When a motorist attempts to operate a vehicle while under the intoxicating effects of either alcohol or drugs, they might not be fit to do so. Inebriation can slow a person’s reactions, make them sluggish and even impair their decision-making ability. This is why Pennsylvania and other U.S. states charge intoxicated drivers with driving under the influence (DUI), because they’re a danger to themselves and others on the road.
It’s one thing to face DUI charges, but what if an officer cites you after your intoxicated driving led you to collide with another vehicle? Per state law, you could face enhanced penalties for causing damage due to your DUI.
Damage to vehicle or other property
According to Pennsylvania law, any individual who violates the state’s DUI laws and causes an accident resulting in damage to a vehicle or other property commits a misdemeanor. For a conviction of DUI while causing vehicular or property damage, a person faces up to six months of jail time plus a $300 fine (if it’s their first DUI offense). This is the same penalty for a conviction for a regular DUI.
However, if the person had two prior DUI offenses, a DUI while causing vehicular/property damage is instead a misdemeanor of the first degree.

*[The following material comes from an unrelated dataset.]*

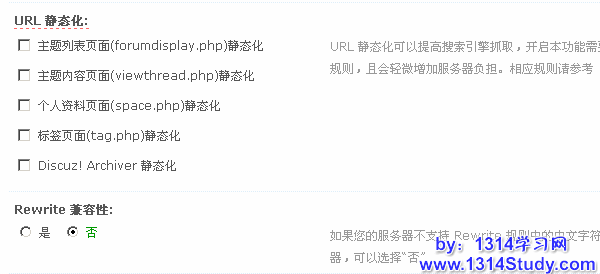 URL 静态化设置中还包括一个“Rewrite 兼容性”设置,这个设置主要是在开启了 tag.php 页面静态化的时候处理一些中文 tag 避免不兼容的情况出现。
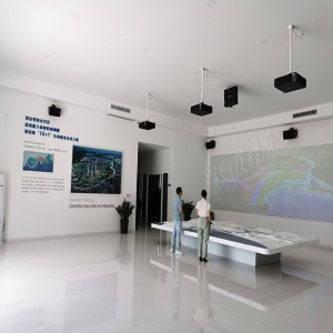 該項(xiàng)目相對(duì)較小,深圳龍程威尼根據(jù)用戶需求,以及營(yíng)銷(xiāo)中心的行業(yè)性質(zhì),以聲光電數(shù)字沙盤(pán)展現(xiàn)為主,側(cè)方位墻體上以投影機(jī)進(jìn)行輔助展示說(shuō)明。

The offense is punishable by up to five years of imprisonment and $10,000 in fines on conviction.
By comparison, a person charged with regular DUI with two prior offenses commits a misdemeanor of the second degree, which is a lower criminal grade than a first-degree misdemeanor.
Because the enhanced penalties for a DUI with property damage trigger when the offender has at least two prior offenses, the driver can potentially serve consecutive sentences if their violations occur one after the other.
In summary, causing damage while driving under the influence can lead to enhanced penalties – but these penalties are more apparent when the offender has two or more prior convictions. If you caused damage with your latest DUI and you have a record of drunk driving, consider consulting a legal professional. You’ll want to plan your defense in court unless you plan to serve consecutive sentences.